On the first evening Wolfhart Pannenberg of the University of Munich spoke on "Future and Unity," and in a remarkably wide-ranging paper explored the relation of God to the future, the interaction of the divine and the human, the problems of the individual and society, the significance of resurrection and the role of religion in society, and the meaning of the eschatological future as the future of God's kingdom in his eternal life and power. Throughout, Pannenberg discussed issues in the light of the thought of Teilhard and Whitehead. Donald Gray responded from a Teilhardian view, and Daniel Day Williams from a process perspective.
On the second evening Jürgen Moltmann of the University of Tübingen spoke on "Hope and the Biomedical Future of Man". "For the first time," he said, "human life in fact has become a moral task," and he called for a new assessment of illness, aging and dying. He concluded that because biomedical progress elicits hopes, yet does not guarantee happiness, it must be guided by a humane ethics. Christopher Mooney responded from a Teilhardian perspective and Schubert Ogden of the University of Chicago from the Process approach.
The final evening lecture was given by Johannes Metz of the State University of Münster,and was entitled "The Future ex Memoria Passionais," in which he contended that the future of our technological civilization is primarily a political and social problem and proposed the memory of suffering as a source for political and social action. The Christian memory of the crucifixion prevents us from ever becoming reconciled to the so-called "facts" and "tendencies" of our society. This memory should become "the ferment for that new political life we are now seeking on behalf of our human future." Joseph Sittler of the University of Chicago and Lewis Ford of the Pennsylvania State University responded.
The complete papers of the conference may be read in the book Hope and the Future of Man, edited by Ewert Cousins and published by the Fortress Press in 1972. A modest royalty check that arrives every year attests to its continuing influence.
Ewert Cousins reported that "Evaluation of the conference has been positive both from the audience and the participants.

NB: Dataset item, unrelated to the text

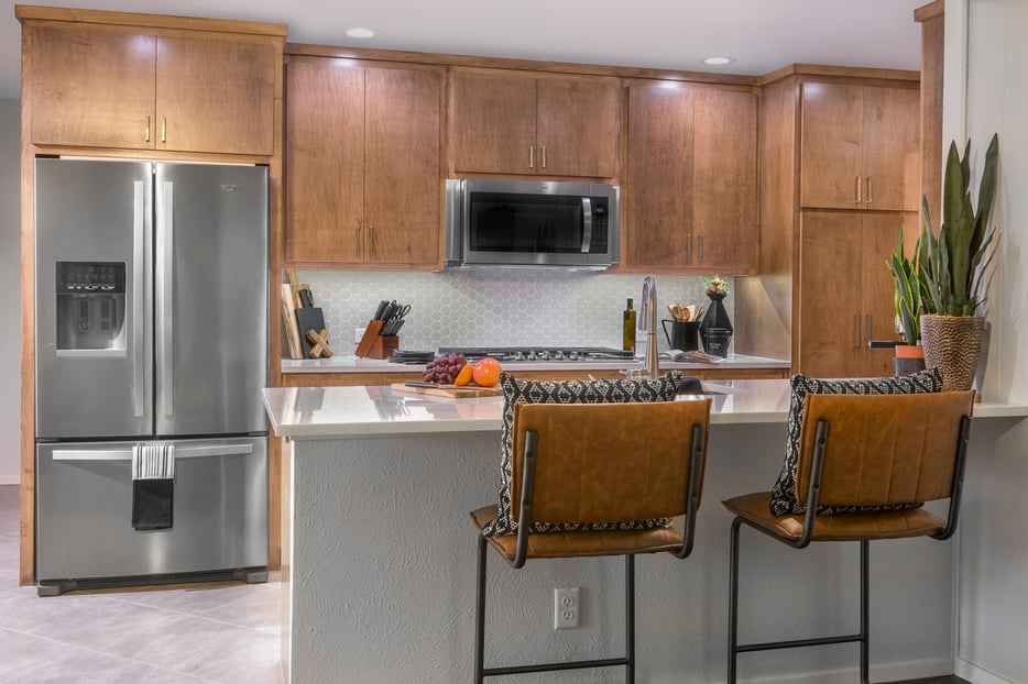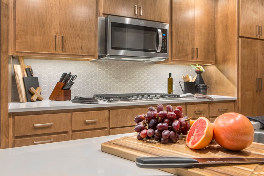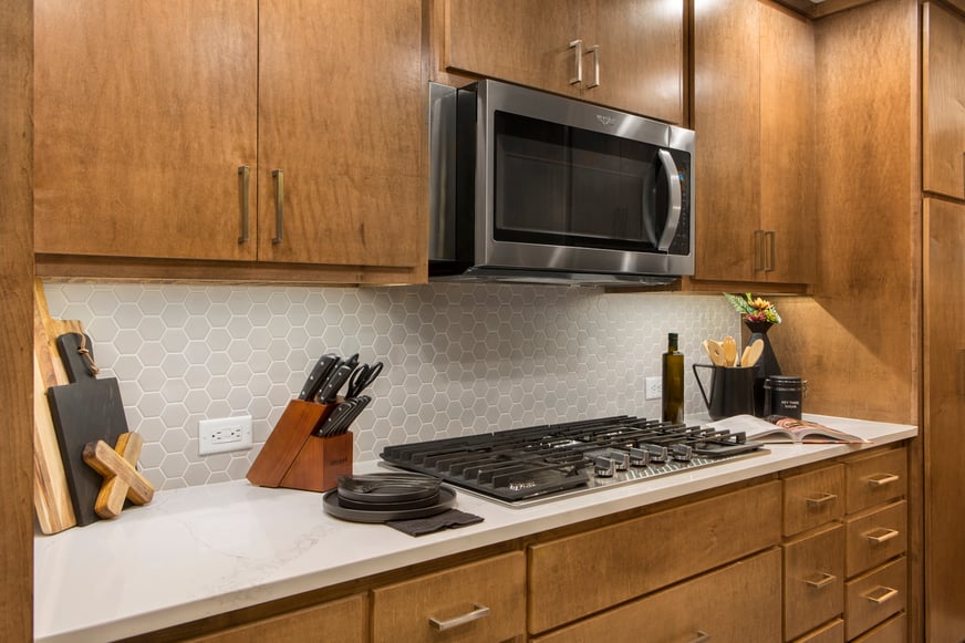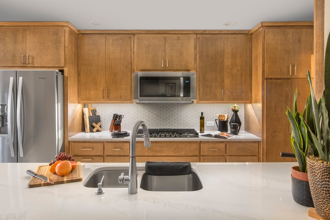Sleek stainless-steel appliances contribute to the streamlined look of the cabinets, and white American Quartz countertops create a nice color contrast against the natural wood tones and satin nickel hardware.
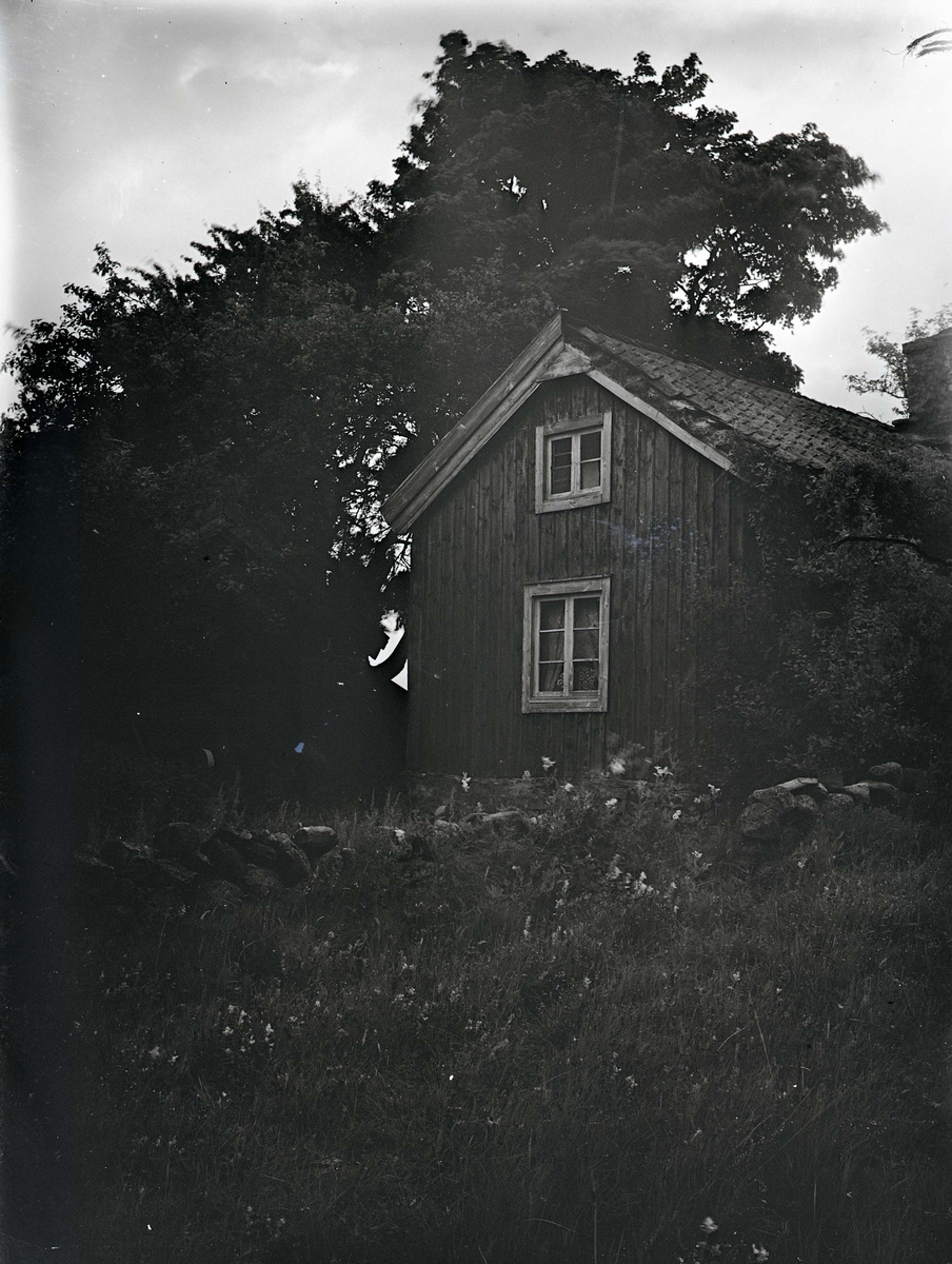 Manbyggnaden från gaveln och bakifrån. Torvtak med senare tegel. Skorsten med typiska stora droppflisor.

Many claimed that important communication had occurred and that a significant exchange had taken place between European and American theologians. The conference involved a fruitful combination of communication, tension, opposition and technical clarification."
Successful as the conference was, it had been conceived as only the first of a two-stage project. The second stage would bring the same group of theologians together with future planners: technologists, scientists, sociologists and political scientists, sociologists and political scientists. A budget of $25,000.00 was projected. This amount, far larger than that spent on the Hope Conference, was deemed necessary because an auditorium would be a more appropriate setting than a church and would have to be rented at a substantial fee. Also, speakers in the field of future planning were accustomed to larger fees than theologians! This second conference never materialized.
In November of that year Minna reported more cheerfully on the Association's financial position: for the first time there were more than 500 members, brought about no doubt by the interest engendered by the successful Hope Conference.